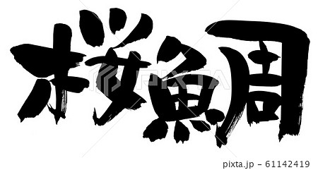 筆で描いた、魚の「タイ」と桜。真鯛、マダイ、鯛。
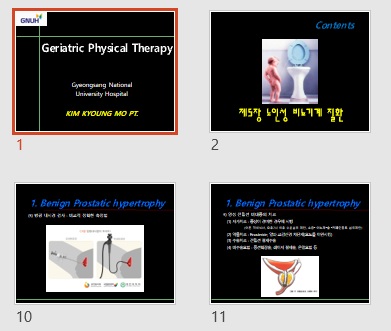 물리치료 대상자 중 많은 수를 차지하는 노인층에 대한 이해를 통해 보다 질높은 치료를 할 수 있도록 해야하겠습니다.
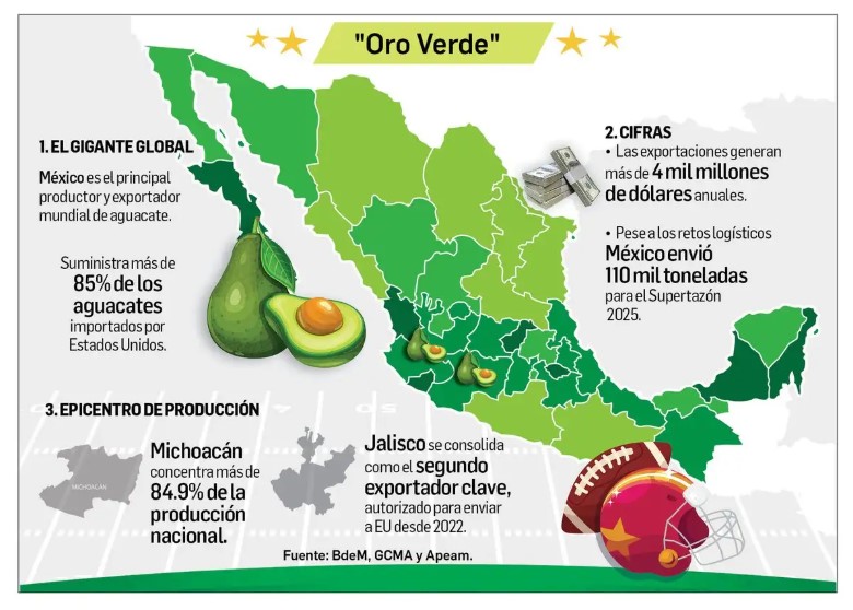 Durante el Supertazón 59, en 2025, México exportó alrededor de 110 mil toneladas de aguacate, equivalentes a 250 millones de piezas, lo que generó un impacto económico de 317 millones de dólares en un periodo de 30 días. Para este año, la Asociación de Productores y Empacadores Exportadores de Aguacate de México (Apeam) estima que se importarán alrededor de 127 mil toneladas en los 30 días previos al evento.

#### YOUR OBJECTIVE
Write out an exact copy of the lines beginning at the line that contains "물리치료 대상자 중 많은" and ending at the last line of the listing. Exclude pictures.

#### SOLUTION TO THIS PROBLEM
 물리치료 대상자 중 많은 수를 차지하는 노인층에 대한 이해를 통해 보다 질높은 치료를 할 수 있도록 해야하겠습니다.
 Durante el Supertazón 59, en 2025, México exportó alrededor de 110 mil toneladas de aguacate, equivalentes a 250 millones de piezas, lo que generó un impacto económico de 317 millones de dólares en un periodo de 30 días. Para este año, la Asociación de Productores y Empacadores Exportadores de Aguacate de México (Apeam) estima que se importarán alrededor de 127 mil toneladas en los 30 días previos al evento.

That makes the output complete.